Arby’s success has also been linked with its creative and quite often borderline bizarre marketing strategy. The chain debuted the bold “We Have Now the Meats” campaign in 2014. Its social-media manager was given more freedom that year after having a tweet comparing Pharrell Williams’ hat at the Grammys to Arby’s logo went viral. Brown described the approach as “produce the personality, the company, use earned media and all of types of earned media to create a persona around it plus an awareness around it.”
“If you think about it, the Buffalo Wild Wings brand is made for that,” he said. He suggested Buffalo Wild Wings’ “persona” wouldn’t be considered a rip-away from Arby’s but would involve taking similar risks. “Whenever we sit here a year from now avnnkf that Buffalo Wild Wings is sounding much like Arby’s, then we failed,” Brown said. Brown continued: “I think that is going to become the key – the way we actually go ahead and take learnings as well as the capabilities from what we’ve done and leverage those learnings, leverage the infrastructure, and get it done in a manner in which the brands look totally different from each other.”

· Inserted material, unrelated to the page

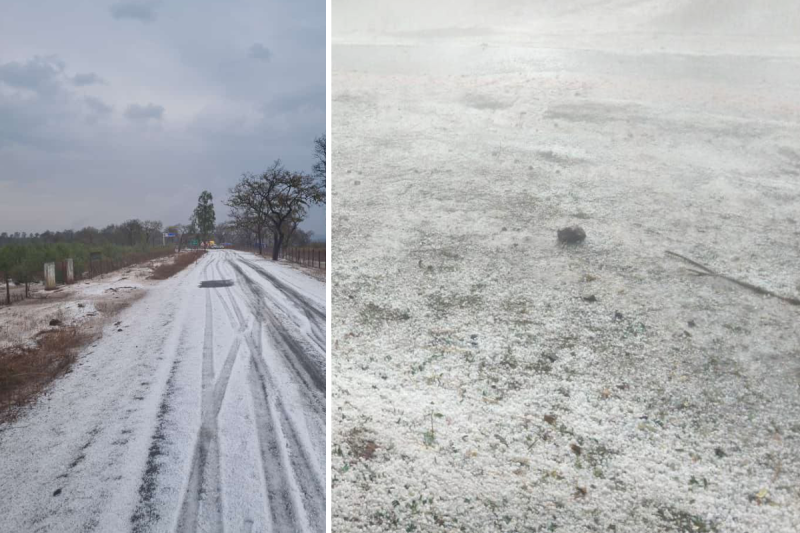 1 घंटे हुई ओलावृष्टि, मौसम हुआ सर्द

When asked what customers can get to modify at Buffalo Wild Wings, Brown said, “Nothing.” Much of the job to change the chain around will be occurring behind the scenes, at least for the following few months, he explained. Brown says he’s already met with a few Buffalo Wild Wings franchisees. As well as in January, prior to the deal officially closed, Inspire Brands started consumer research to determine what is going wrong at the chain and determine what Buffalo Wild Wings’ new era need to look like.